Clementi is an amazing character. He's a Count, symptomatic of a decayed society of the past, living off inherited wealth, with no goal in life except to try everything once. His affectations and manners are homosexual. They are also that of a vampire who is alive by fastening on other people. His hair is as long as a woman's. He wears a black cape, gloves and a light-colored suit. His scarf is a long scarlet affair. When he talks with Milian, he invariably has his hands on him, uncomfortably so it would seem. But Milian doesn't show any signs of resisting this. He thinks of Pierre as a buddy once he comes to trust him, a trust given too easily, even though they meet several times at first, seemingly by accident. Clementi's Count becomes a cloying and suffocating character whom Milian cannot escape, when he eventually wants to.
Clementi has plans for Milian.

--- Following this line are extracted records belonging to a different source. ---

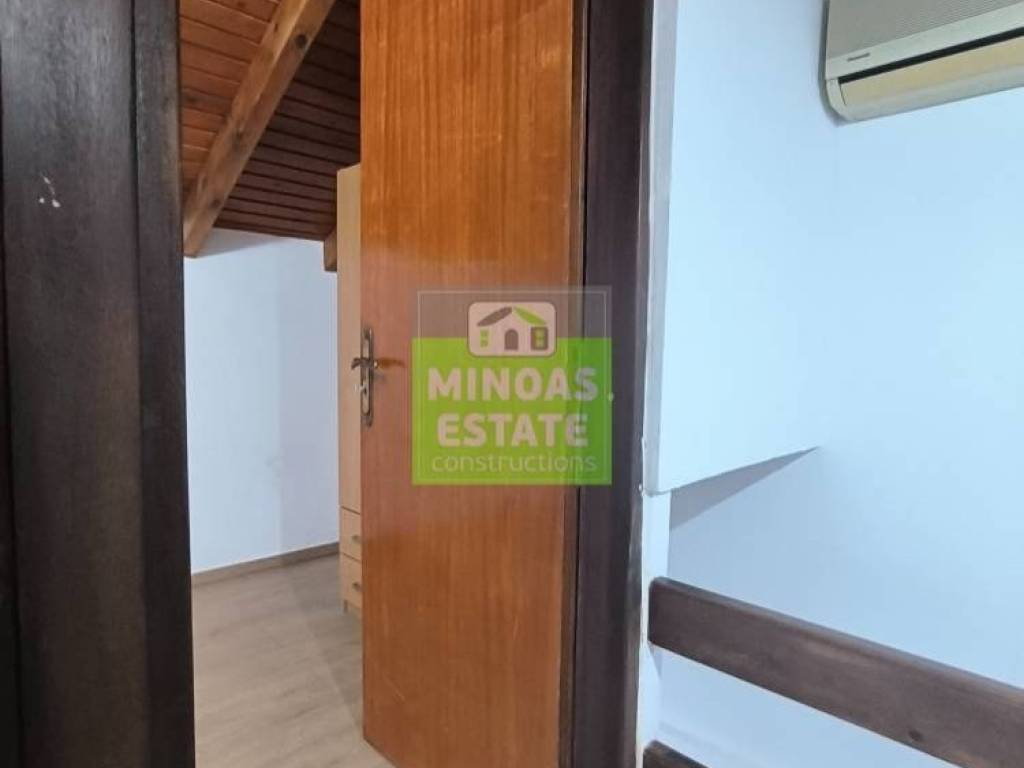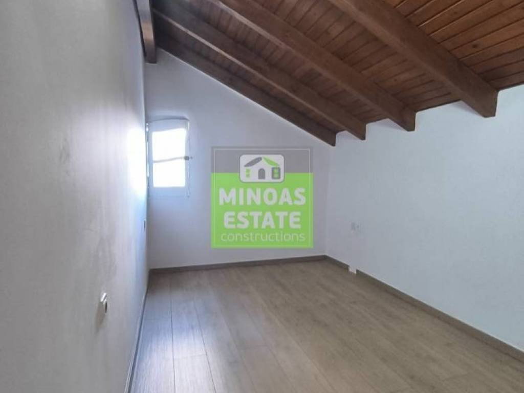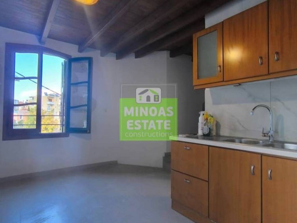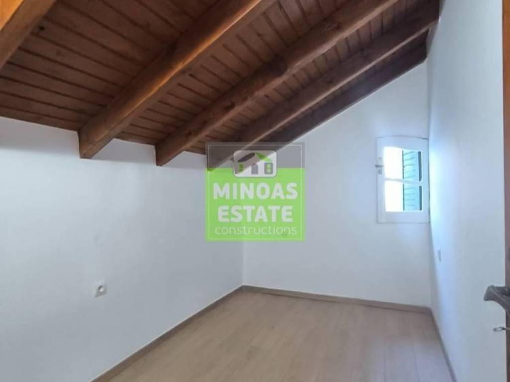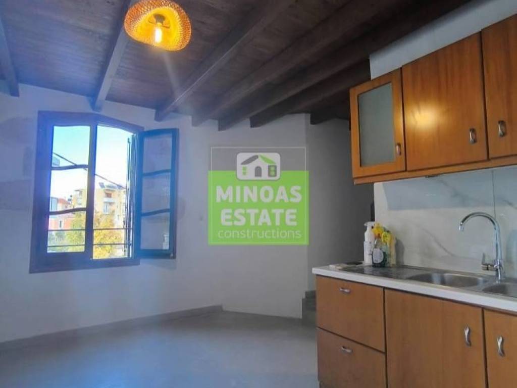 Chania, Amperia: Renovated stone-built Maisonette 50 sq.m. for rent. on the 1st floor of 2 levels with individual heating (2 large air conditioners). It consists of 2 bedrooms, 1 kitchen-living room, and a bathroom. It is painted, close to SCHOOLS-PHARMACY-SUPERMARKET and has a view of the city, tile & wood floors, awnings, solar water heater. It is located in an ideal part of the area, 5 minutes walk from Courts Square. It is ideal for students or workers. Price €550 (negotiable, long-term rental) | Property Code: #E-20100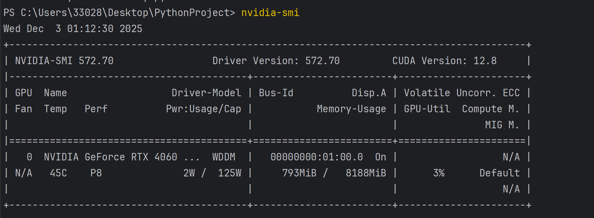 在python终端使用如下的命令,以检查NVIDIA驱动: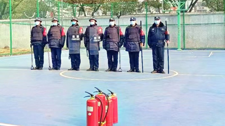 本网讯  为提高保安人员的应急处突能力和消防安全意识,保卫处寒假期间认真组织保安队进行假期各项管理规定学习。针对当前消防安全和应急处突重点,组织各岗位队员进行灭火器实操和消防水栓操作使用培训、对假期学校应急处突重点进行学习、对各类防暴器械进行培训以及对防暴应急处置流程进行学习规范,组织应急处突演练工作。
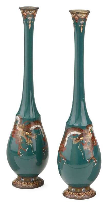 Pair of Japanese cloisonne enamel vases tameshiro style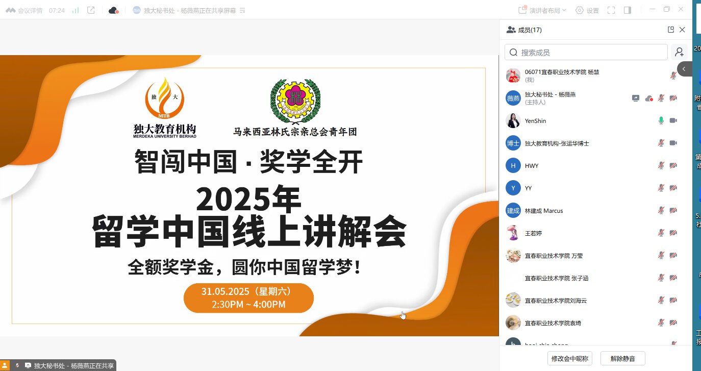 本站讯(国际合作与交流处 杨慧)5月31日下午,我校国际合作与交流处处长刘海云、副处长杨慧,部分二级学院专业教师应邀参加由马来西亚独大教育机构、马来西亚林氏宗亲总会青年团主办的2025年“智闯中国.奖学全开”留学中国线上讲解会。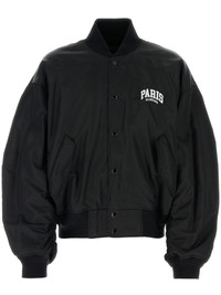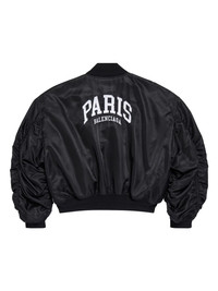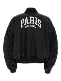 Paris oversized bomber jacket Balenciaga pays homage to its current base with this Paris logo bomber jacket. It's cut to a statement oversized silhouette and printed with the signature logo lettering in contrasting white. Highlights - Black - Logo print at the chest - Logo print to the rear - Round neck - Front zip fastening - Long sleeves - Elasticated cuffs - Elasticated hem - When buying this unisex item, keep in mind that it is graded in standard men's sizing. Made in Italy Composition Lining: Cupro 100% Outer: Nylon 100% SIZE & FIT Measurement CHEST 48.81 in(124 cm) SLEEVE LENGTH 27.16 in(69 cm) LENGTH 26.37 in(67 cm) WAIST 57.48 in(146 cm) Washing instructions Read Manufacturer Guidelines

It's not long before he proposes exchanging murders. Milian laughs it off. Clementi is serious. He embroils Milian in more ways than Bruno trapped Guy. The script is very clever on that score, making the story entirely noir. Milian is really pinned down. The police have him as candidate #1 for killing his wife. The evidence that might free him is held by Clementi. Milian is at the point where he is being forced to kill or be thrown in prison.
The music score is excellent. The pace is on the deliberate side. The direction makes good use of the script's possibilities. The script is clever. Moving the story to Venice and inventing the new characters were very good ideas. The script manages to keep the characters plausible, but not quite as well as in the Hitchcock version. Still, this version holds up under repeated viewings. Clementi's Count will have you looking a little more closely at the smiles that hide wiles.